- _INPUT FOR THIS TASK_
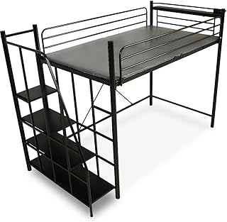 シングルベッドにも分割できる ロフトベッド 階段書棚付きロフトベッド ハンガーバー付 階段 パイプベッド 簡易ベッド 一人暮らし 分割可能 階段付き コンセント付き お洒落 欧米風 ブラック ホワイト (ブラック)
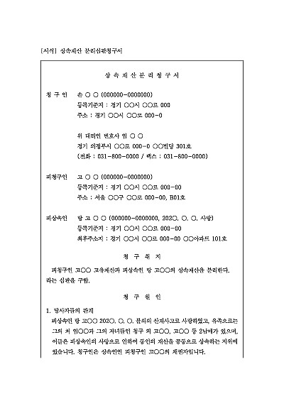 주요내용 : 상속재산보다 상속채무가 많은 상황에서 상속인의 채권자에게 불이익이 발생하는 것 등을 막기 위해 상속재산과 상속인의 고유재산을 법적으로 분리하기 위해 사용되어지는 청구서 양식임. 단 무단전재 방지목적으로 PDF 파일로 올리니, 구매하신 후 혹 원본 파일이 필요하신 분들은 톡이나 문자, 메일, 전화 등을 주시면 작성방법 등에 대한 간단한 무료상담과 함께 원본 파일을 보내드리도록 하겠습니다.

* * *

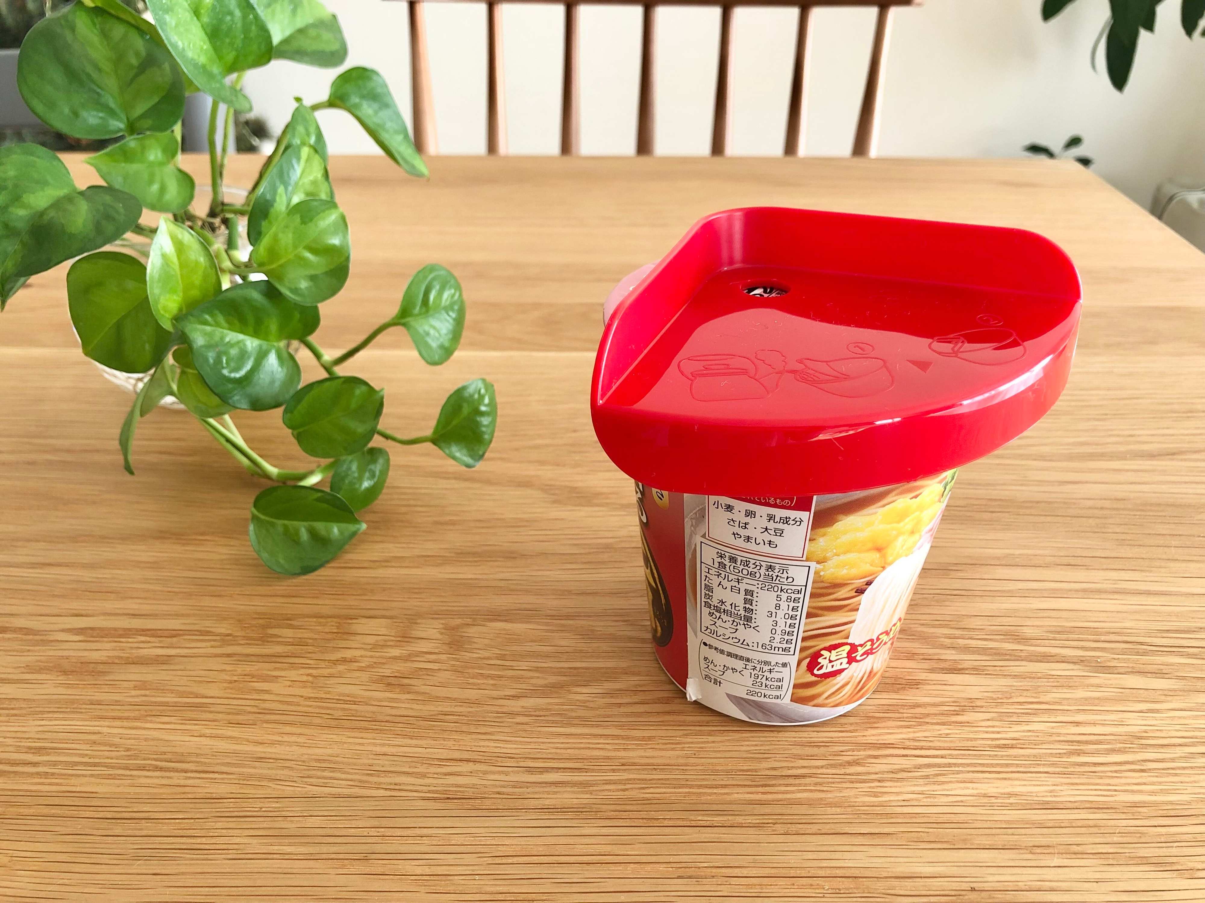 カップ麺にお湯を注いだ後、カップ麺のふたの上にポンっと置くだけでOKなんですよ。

- _EXERCISE AIM_
Exactly the lines starting at the one above with "シングルベッドにも分割できる ロフトベッド 階段書棚付きロフトベッド" and ending at the one with "주요내용 : 상속재산보다" should be printed, and nothing else. Omit the pictures.

- _SOLUTION TO THE EXERCISE_
 シングルベッドにも分割できる ロフトベッド 階段書棚付きロフトベッド ハンガーバー付 階段 パイプベッド 簡易ベッド 一人暮らし 分割可能 階段付き コンセント付き お洒落 欧米風 ブラック ホワイト (ブラック)
 주요내용 : 상속재산보다 상속채무가 많은 상황에서 상속인의 채권자에게 불이익이 발생하는 것 등을 막기 위해 상속재산과 상속인의 고유재산을 법적으로 분리하기 위해 사용되어지는 청구서 양식임. 단 무단전재 방지목적으로 PDF 파일로 올리니, 구매하신 후 혹 원본 파일이 필요하신 분들은 톡이나 문자, 메일, 전화 등을 주시면 작성방법 등에 대한 간단한 무료상담과 함께 원본 파일을 보내드리도록 하겠습니다.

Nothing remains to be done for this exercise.